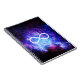 A cool and modern, trendy nebula design featuring a white symbol of the infinity .
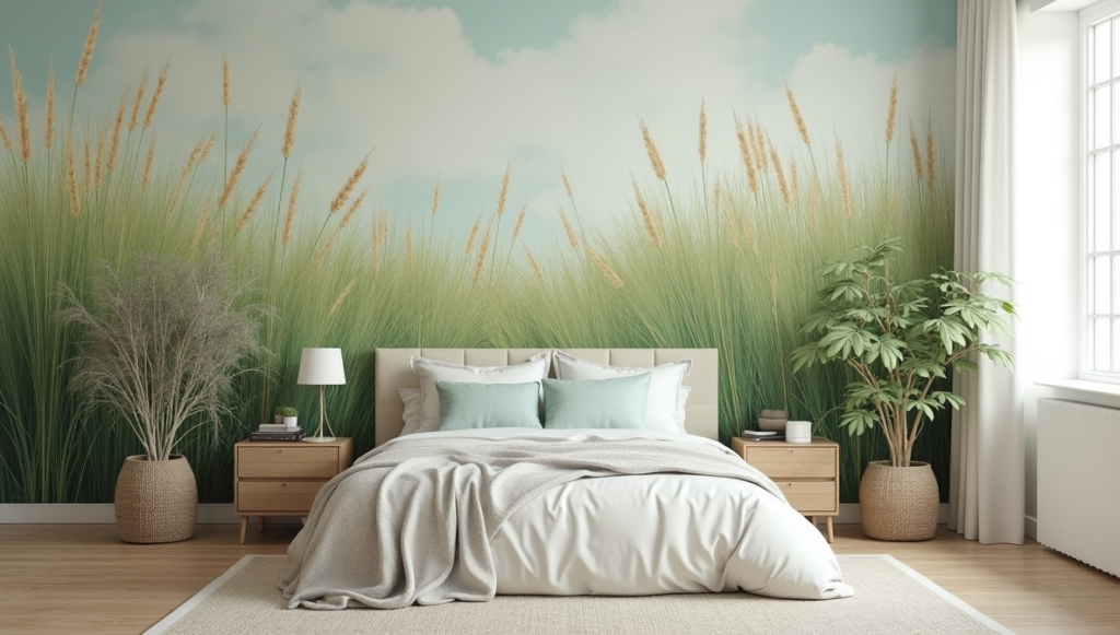 Wallpaper featuring tall, swaying sea grass instantly evokes the feeling of sleeping among dunes. Soft green and neutral tones mimic nature, bringing outdoor serenity indoors without clutter. This design pairs well with light bedding, subtle pastels, or natural linens to maintain a relaxed, airy environment. Layering textures such as soft throws, pillows, or woven rugs adds depth while keeping the aesthetic cohesive. Peel-and-stick wallpaper or large wall decals provide an easy, renter-friendly option for incorporating this look. Sea grass wallpaper transforms a bedroom into a peaceful coastal retreat, evoking nature and calm with minimal effort.
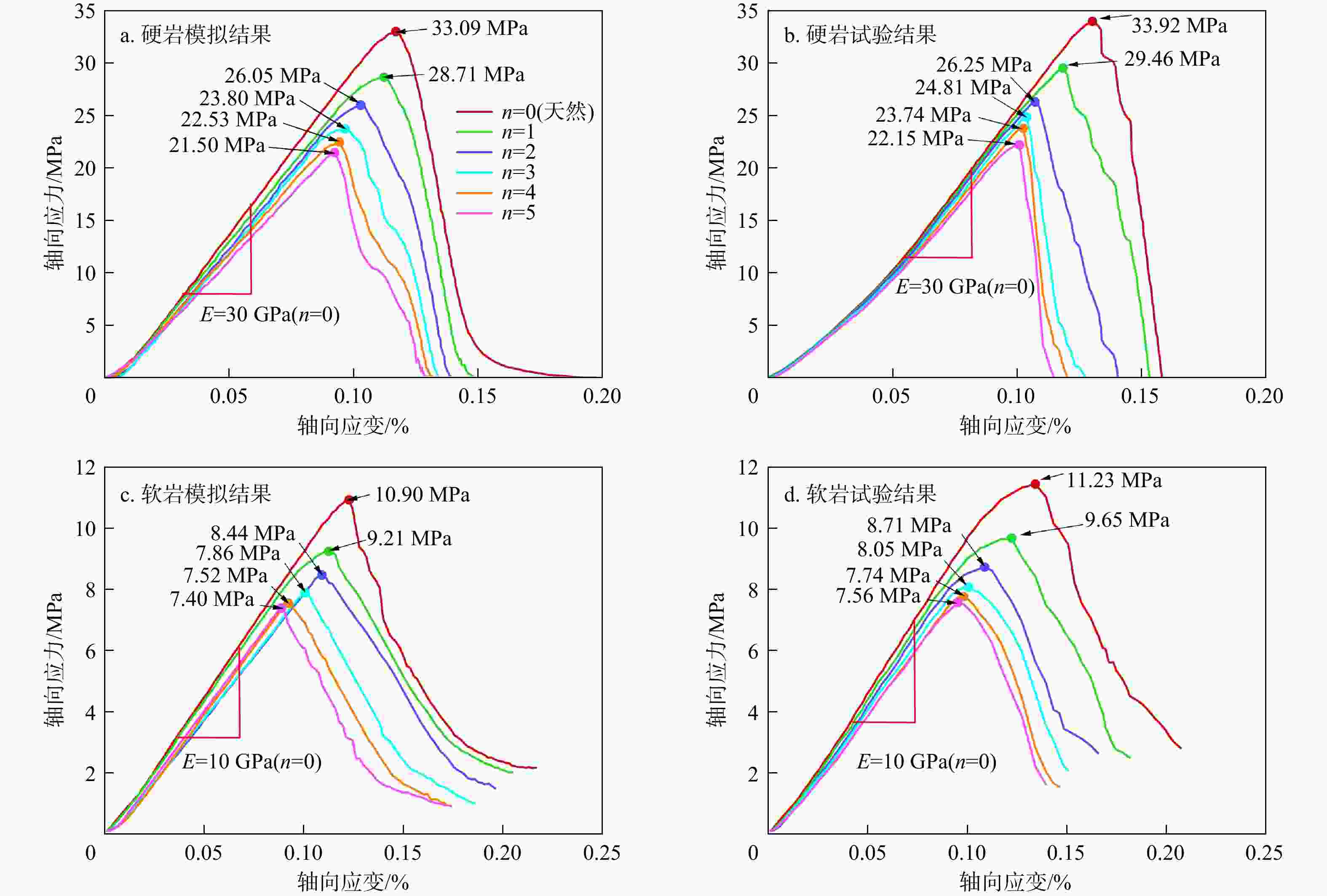 图 4  不同干湿循环作用下单轴压缩结果的应力−应变曲线(E. 弹性模量;n. 干湿循环次数;下同)

=== Aim of the exercise ===
Reproduce the whole listing verbatim and keep all pictures out of it.

=== Result for this exercise ===
 A cool and modern, trendy nebula design featuring a white symbol of the infinity .
 Wallpaper featuring tall, swaying sea grass instantly evokes the feeling of sleeping among dunes. Soft green and neutral tones mimic nature, bringing outdoor serenity indoors without clutter. This design pairs well with light bedding, subtle pastels, or natural linens to maintain a relaxed, airy environment. Layering textures such as soft throws, pillows, or woven rugs adds depth while keeping the aesthetic cohesive. Peel-and-stick wallpaper or large wall decals provide an easy, renter-friendly option for incorporating this look. Sea grass wallpaper transforms a bedroom into a peaceful coastal retreat, evoking nature and calm with minimal effort.
 图 4  不同干湿循环作用下单轴压缩结果的应力−应变曲线(E. 弹性模量;n. 干湿循环次数;下同)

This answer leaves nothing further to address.